The objective is to initiate a search against a holiday home website such as in this case stays with a specific set of criteria but changing the dates so that I can work out when I will get best value for a holiday. I want to store all the returned results into a database for further analysis.

But the first step is being able to capture the results. So here is my code.

# beautiful soup libraries
from bs4 import BeautifulSoup
from urllib.request import Request, urlopen
import urllib.request

# Define & request the url that we want to scrape
url = r"https://www.stayz.com.au/search/keywords:warrnambool-victoria-australia/arrival:2020-10-23/departure:2020-10-25/minBedrooms/3?petIncluded=false"
html_content = urllib.request.urlopen(url)

# Pass the html_content(the webpage) through our beautiful soup object
soup = BeautifulSoup(html_content, 'html.parser')

so far so good, this will return a copy of the expected page... I think! So now I want to find my specific section of the webpage, below is a screenshot of the section I am trying to scrape.

and here is the relevant section of HTML

 <div class="media-flex__body"> <h2 class="HitInfo__headline hover-text" aria-hidden="true">Merri Beach House - Opposite Beach with spectacular Views &amp; Free Wi Fi</h2> <span class="sr-only">Property 1: Merri Beach House - Opposite Beach with spectacular Views &amp; Free Wi Fi</span> <div class="HitInfo__details"> <div class="Details__propertyType Details__label" aria-hidden="true">House</div> <div class="Details__bedrooms Details__label" aria-hidden="true">4 BR</div> <div class="Details__bathrooms Details__label" aria-hidden="true">2 BA</div> <div class="Details__sleeps Details__label" aria-hidden="true">Sleeps 9</div> <div class="Details__label" aria-hidden="true">5 m<sup>2</sup></div> <div class="sr-only"><span>Property TypeHouse</span><span>4Bedrooms</span><span>2Bathrooms</span><span>9Sleeps</span><span>5Square Meters</span></div> </div> <div class="GeoDistance"> <svg xmlns="http://www.w3.org/2000/svg" class="GeoDistance__icon" width="16" height="16" viewBox="0 0 16 16"> <g fill="none" fill-rule="evenodd" stroke="#5E6D77" stroke-linecap="round" stroke-linejoin="round" stroke-width="1.5"> <path class="GeoDistance__iconPinPath fill-transparent stroke-currentColor" d="M3.95 9.113a5.11 5.11 0 0 1 .546-6.579l.038-.038a5.11 5.11 0 0 1 7.226 0l.037.038a5.11 5.11 0 0 1 .548 6.58L8.147 15 3.95 9.113z"></path> <path class="GeoDistance__iconPinHole fill-transparent stroke-currentColor" d="M9.84 6.146a1.692 1.692 0 1 1-3.387 0 1.694 1.694 0 0 1 3.387 0z"></path> </g> </svg> <span class="GeoDistance__text">12 min. walk to the beach</span> </div> </div>

So from what I have read, I should be able to perform the following search, and this should give me what I need:

inital_search = soup.find_all('div', class_="media-flex__body")
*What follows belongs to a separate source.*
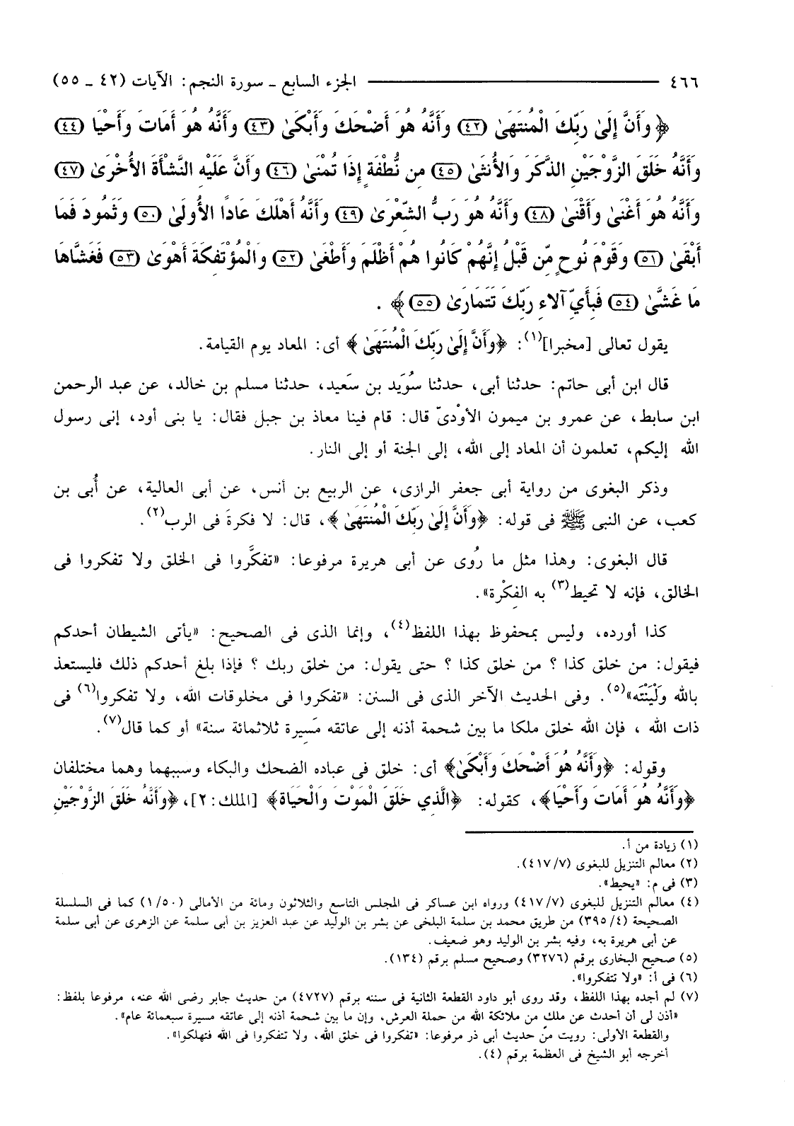 وَذَكَرَ الْبَغَوِيُّ مِنْ رِوَايَةِ أَبِي جَعْفَرٍ الرَّازِيُّ، عَنِ الرَّبِيعِ بْنِ أَنَسٍ، عَنْ أَبِي الْعَالِيَةِ، عَنْ أُبَيِّ بْنِ كَعْبٍ، عَنِ النَّبِيِّ صَلَّى اللَّهُ عَلَيْهِ وَسَلَّمَ فِي قَوْلِهِ: {وَأَنَّ إِلَى رَبِّكَ الْمُنْتَهَى} ، قَالَ: لَا فكرةَ فِي الرَّبِّ (2) .

however, I get no results returned.

I have also tried going further up the tree and initiating a search against class="HitCollection" , which should return all the results if I am understanding things correctly. This does return a result, but it looks like it's a place holder rather than the actual result.

This makes me wonder if I need to use a different method to grab search results as opposed to what I would do if I was scraping a static page.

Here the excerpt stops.